Directions for this task.
Output only the lines below that start at the line containing "餐椅:450*450*850mm 酒柜:800×400×2000mm |" and end at the line containing "원가 75% 수가에 불경기·메르스, 카드", with both ends kept.

Task inputs.
------------------------------------------------------------

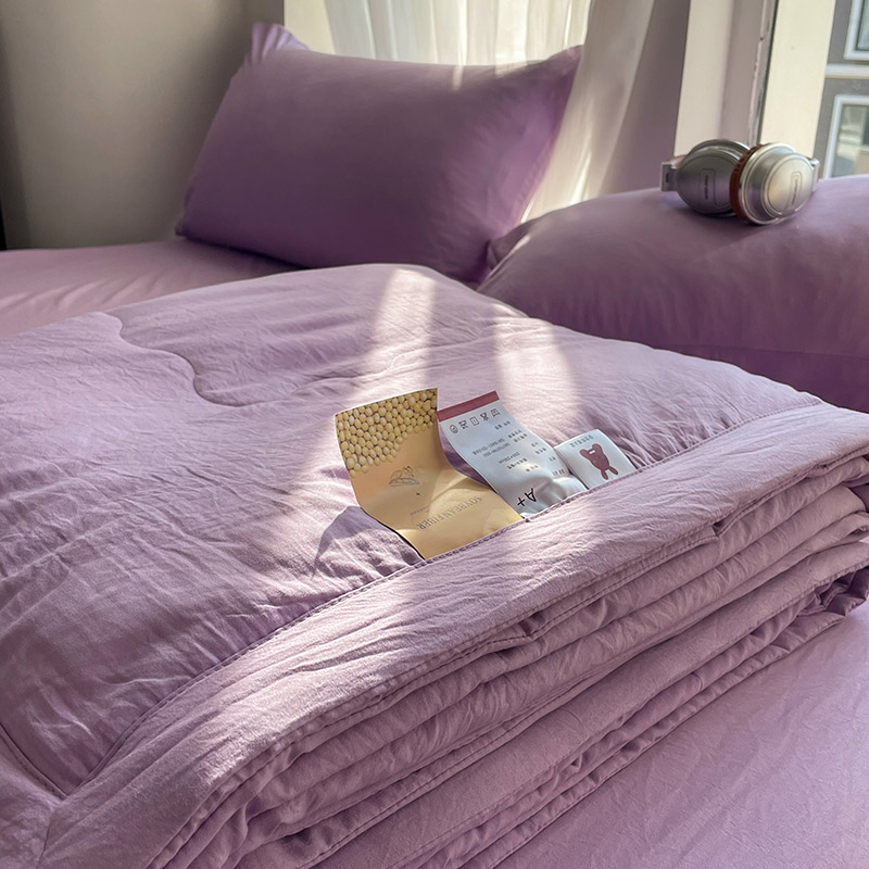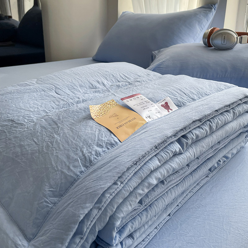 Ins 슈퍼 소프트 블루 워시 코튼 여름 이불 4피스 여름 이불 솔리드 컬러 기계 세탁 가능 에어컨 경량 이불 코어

------------------------------------------------------------

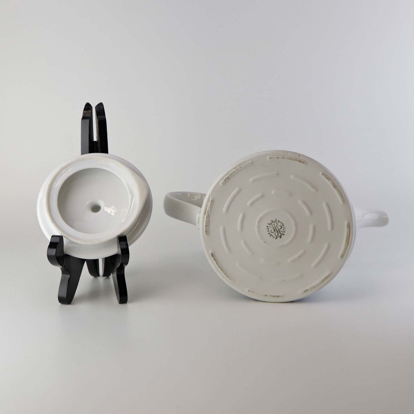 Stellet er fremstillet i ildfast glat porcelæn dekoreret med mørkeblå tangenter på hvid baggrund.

------------------------------------------------------------

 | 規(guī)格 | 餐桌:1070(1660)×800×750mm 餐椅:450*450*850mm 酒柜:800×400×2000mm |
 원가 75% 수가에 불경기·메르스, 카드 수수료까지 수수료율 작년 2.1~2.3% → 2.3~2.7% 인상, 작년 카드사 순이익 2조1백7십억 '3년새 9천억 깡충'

------------------------------------------------------------

Answer space.
 | 規(guī)格 | 餐桌:1070(1660)×800×750mm 餐椅:450*450*850mm 酒柜:800×400×2000mm |
 원가 75% 수가에 불경기·메르스, 카드 수수료까지 수수료율 작년 2.1~2.3% → 2.3~2.7% 인상, 작년 카드사 순이익 2조1백7십억 '3년새 9천억 깡충'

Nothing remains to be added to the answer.